Seurat v2.X	Seurat v3.X
`object@data`	`GetAssayData(object = object)`
`object@raw.data`	`GetAssayData(object = object, slot = "counts")`
`object@scale.data`	`GetAssayData(object = object, slot = "scale.data")`
`object@cell.names`	`colnames(x = object)`
`rownames(x = object@data)`	`rownames(x = object)`
`object@var.genes`	`VariableFeatures(object = object)`
`object@hvg.info`	`HVFInfo(object = object)`
`object@assays$assay.name`	`object[["assay.name"]]`
`object@dr$pca`	`object[["pca"]]`
`GetCellEmbeddings(object = object, reduction.type = "pca")`	`Embeddings(object = object, reduction = "pca")`
`GetGeneLoadings(object = object, reduction.type = "pca")`	`Loadings(object = object, reduction = "pca")`
`AddMetaData(object = object, metadata = vector, col.name = "name")`	`object$name <- vector`
`object@meta.data$name`	`object$name`
`object@idents`	`Idents(object = object)`
`SetIdent(object = object, ident.use = "new.idents")`	`Idents(object = object) <- "new.idents")`
`SetIdent(object = object, cells.use = 1:10, ident.use = "new.idents")`	`Idents(object = object, cells = 1:10) <- "new.idents")`
`StashIdent(object = object, save.name = "saved.idents")`	`object$saved.idents <- Idents(object = object)`
`levels(x = object@idents)`	`levels(x = objects)`
`RenameIdent(object = object, old.ident.name = "old.ident", new.ident.name = "new.ident")`	`RenameIdents(object = object, "old.ident" = "new.ident")`
`WhichCells(object = object, ident = "ident.keep")`	`WhichCells(object = object, idents = "ident.keep")`
`WhichCells(object = object, ident.remove = "ident.remove")`	`WhichCells(object = object, idents = "ident.remove", invert = TRUE)`
`WhichCells(object = object, max.cells.per.ident = 500)`	`WhichCells(object = object, downsample = 500)`
`WhichCells(object = object, subset.name = "name", low.threshold = low, high.threshold = high)`	`WhichCells(object = object, expression = name > low & name < high)`
`FilterCells(object = object, subset.names = "name", low.threshold = low, high.threshold = high)`	`subset(x = object, subset = name > low & name < high)`
`SubsetData(object = object, subset.name = "name", low.threshold = low, high.threshold = high)`	`subset(x = object, subset = name > low & name < high)`
`MergeSeurat(object1 = object1, object2 = object2)`	`merge(x = object1, y = object2)`

Data

Seurat has 3 data slots (source):

counts (raw.data in v2)
- The raw data slot (object@raw.data) represents the original expression matrix, input when creating the Seurat object, and prior to any preprocessing by Seurat. For example, this could represent the UMI matrix generated by DropSeqTools or 10X CellRanger, a count matrix from featureCounts, an FPKM matrix produced by Cufflinks, or a TPM matrix produced by RSEM. Row names represent gene names, and column names represent cell names. Either raw counts or normalized values (i.e. FPKM or TPM) are fine, but the input expression matrix should not be log-transformed. Please note that Seurat can be used to analyze single cell data produced by any technology, as long as you can create an expression matrix.
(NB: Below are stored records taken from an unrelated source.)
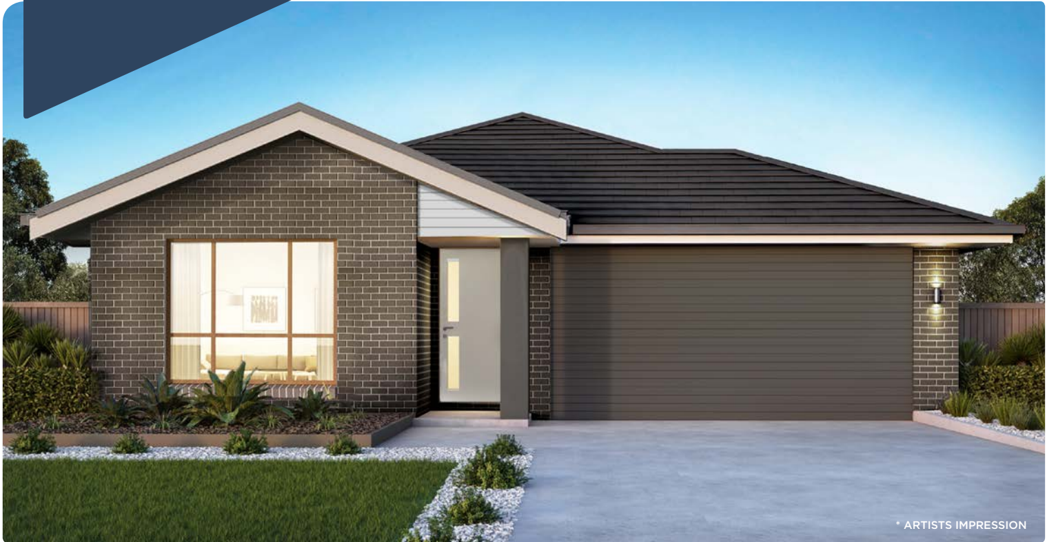
* ARTISTS IMPRESSION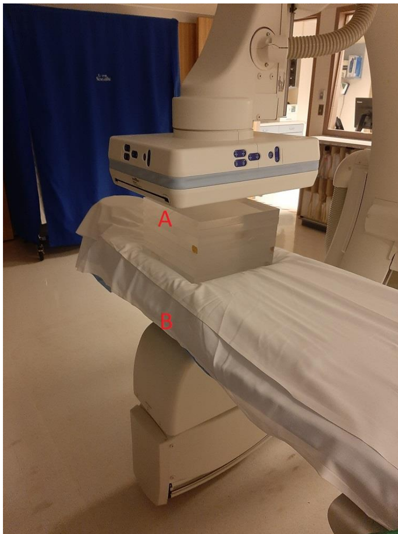
Figure 4 – CT Scanner Scatter Measurement Set-Up

A – Scatter measurements made at the collar position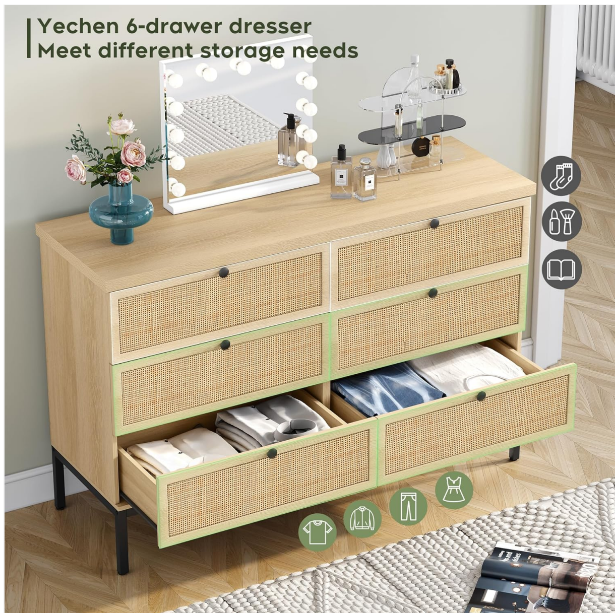
Image 4.1: The Yechen 6-drawer dresser with drawers open, demonstrating its storage capacity for various items like clothing and accessories.

For visual guidance, refer to any installation videos linked in the provided assembly manual or on the manufacturer's website.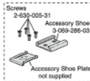
Accessory Shoe Kit X-2188-877-2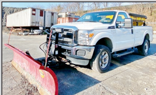
FORD F-350 PLOW TRUCK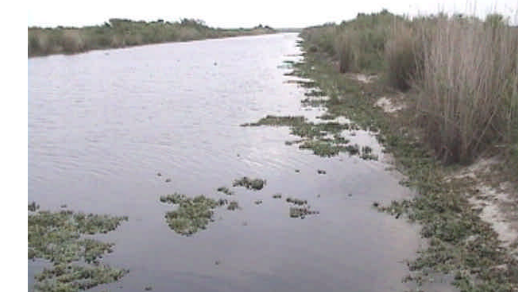
Perimeter Canal & Levee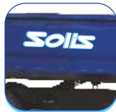
CORRUGATED SHEET FOR BETTER STRENGTH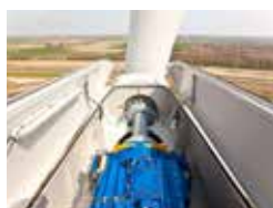
· Industrial Gearbox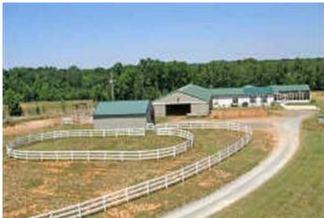
The barn is 105' x 50'

35.41 Acres. Approx 18 acres planted in pasture.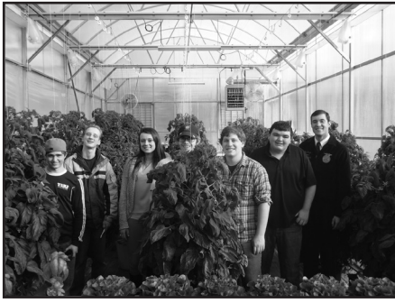
Students in the Jr/Sr Local Food Production class pose with the 75 hydroponic tomato plants and lettuce during a visit from National FFA Officer Caleb Gustin.

produce to the town's food bank along with the school's culinary arts classes, school cafeteria, and most recently a few different restaurants. As a result, new community partners have been brought on board to support the programming offered by the agriscience program.

We provide the Read10X function to provide easy importing for datasets produced by the 10X Chromium system. Seurat uses count data when performing gene scaling and differential expression tests based on the negative binomial distribution.
data = log-normalized data
- The data slot stores normalized and log-transformed single cell expression. This maintains the relative abundance levels of all genes, and contains only zeros or positive values. See ?NormalizeData for more information. This data is used for visualizations, such as violin and feature plots, most differential expression tests, finding high-variance genes, and as input to ScaleData (see below).
scale.data (= z-score normalized data)
- The scale.data slot represents a cell’s relative expression of each gene, in comparison to all other cells. Therefore this matrix contains both positive and negative values. See ?ScaleData for more information If regressing genes against unwanted sources of variation (for example, to remove cell-cycle effects), the scaled residuals from the model are stored here. This data is used as input for dimensional reduction techniques, and is displayed in heatmaps.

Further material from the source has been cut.